- 民事裁判:おそらく第2回以降の口頭弁論
- 争点:亡くなった父の遺言書(いごんしょ)は有効か否か
民事裁判の傍聴は一般におもしろくないと言われています。
書類の提出を通じて陳述・答弁・弁論を代替するのが慣例だからです。つまり傍聴席側からは「甲1号証、甲2号証……」「乙1号証、乙2号証……」などと名付けられた証拠を実際に見るわけでもなく、なにがなにやらわからないまま10分で閉廷なんてことがザラにあるからです。
ところが本件は開廷表を見ると「13時~16時」と書いてありました。長いです。気になって途中からですが傍聴しました。

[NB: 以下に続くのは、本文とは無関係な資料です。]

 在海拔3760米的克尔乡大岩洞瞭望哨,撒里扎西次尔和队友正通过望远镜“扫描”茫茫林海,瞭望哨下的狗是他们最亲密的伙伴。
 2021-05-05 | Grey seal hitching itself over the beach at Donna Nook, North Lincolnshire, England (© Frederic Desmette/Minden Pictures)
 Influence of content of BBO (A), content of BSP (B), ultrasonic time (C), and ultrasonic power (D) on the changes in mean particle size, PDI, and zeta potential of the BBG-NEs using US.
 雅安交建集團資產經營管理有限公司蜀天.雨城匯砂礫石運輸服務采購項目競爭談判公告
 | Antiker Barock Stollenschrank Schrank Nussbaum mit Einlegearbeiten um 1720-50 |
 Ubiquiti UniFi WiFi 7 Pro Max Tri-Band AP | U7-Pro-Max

傍聴席には家族と思われる男性1人しかおらず、「誰やねんお前」と刺すような視線を向けられましたね……。
- 妹に偏った遺産分割
父の遺言書にはこう書かれていました。
- 死亡保険金は姉妹で半分ずつに
- 姉に預金100万円を
- 残りすべて(残った預金や車、マンションなど)を妹に
以上のように、かなり妹に有利な内容となっており、姉が原告となって遺言書の無効を訴えた形です。
- なぜ次女に多くを遺したか
まず、父と長女との関係が劣悪であったことを次女は知っていました。父から直接「あいつにはやらん」といった言葉を聞いたそうです。
そして次女の息子(つまり孫)を大変可愛がっており、孫の私立中学、果ては大学進学までの費用を与えるために遺言書を作成したそうです。

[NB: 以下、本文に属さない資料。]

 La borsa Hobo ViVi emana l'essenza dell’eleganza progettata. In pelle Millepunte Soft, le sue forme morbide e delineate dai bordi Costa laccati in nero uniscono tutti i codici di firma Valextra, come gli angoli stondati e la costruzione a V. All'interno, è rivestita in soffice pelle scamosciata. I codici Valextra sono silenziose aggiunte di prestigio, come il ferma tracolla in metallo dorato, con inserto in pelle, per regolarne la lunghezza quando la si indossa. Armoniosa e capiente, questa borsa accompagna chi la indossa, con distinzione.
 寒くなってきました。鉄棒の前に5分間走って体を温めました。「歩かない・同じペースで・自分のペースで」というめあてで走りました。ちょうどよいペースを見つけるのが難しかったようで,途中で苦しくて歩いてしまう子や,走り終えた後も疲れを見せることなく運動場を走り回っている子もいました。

しかし死人に口無し。遺言書のフォーマットは次女の夫がネットで検索して用意したこと、父自身が封緘していなかったことなどにより、次女による偽造も十分考えられるケースとなっていました。
- 他人のごたごたは面白い
他に聴きたい裁判があったために途中から退出したのですが、この裁判は当日傍聴した中でもっともおもしろかったです(※おもしろがっちゃダメ)

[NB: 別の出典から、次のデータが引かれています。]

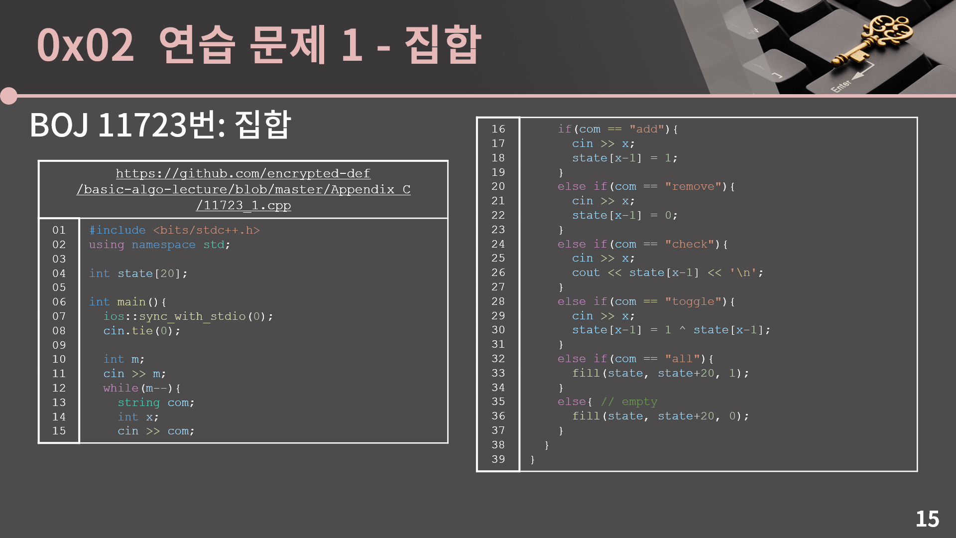 상태를 0으로 만들면 바로 끝입니다. 이렇게 되면 20번 대입 연산을 하던걸 딱 1번의 대입 연산으로 해결할 수 있습니다. 즉 all과 empty 명령을 20배 더 빠르게 할 수 있게됩니다. 그래서 state를 배열이 아니라 int 1개로 두고 각 비트에 적절하게 비트연산을 수행해서 문제를 푸는 비트마스킹 기법으로 코드를 짜보겠습니다.

証言台に座る次女に詰め寄り、証拠を見せながら質問する原告側弁護人。ピリピリしたムードの中、息を呑むやり取り。「答えになってない」「それはもういいので」と容赦のない発言……。
証拠には録音データなどもあり、姉妹の間に広がる深い亀裂を想起するものでした。
この裁判で、傍聴の醍醐味を存分に感じ取りました。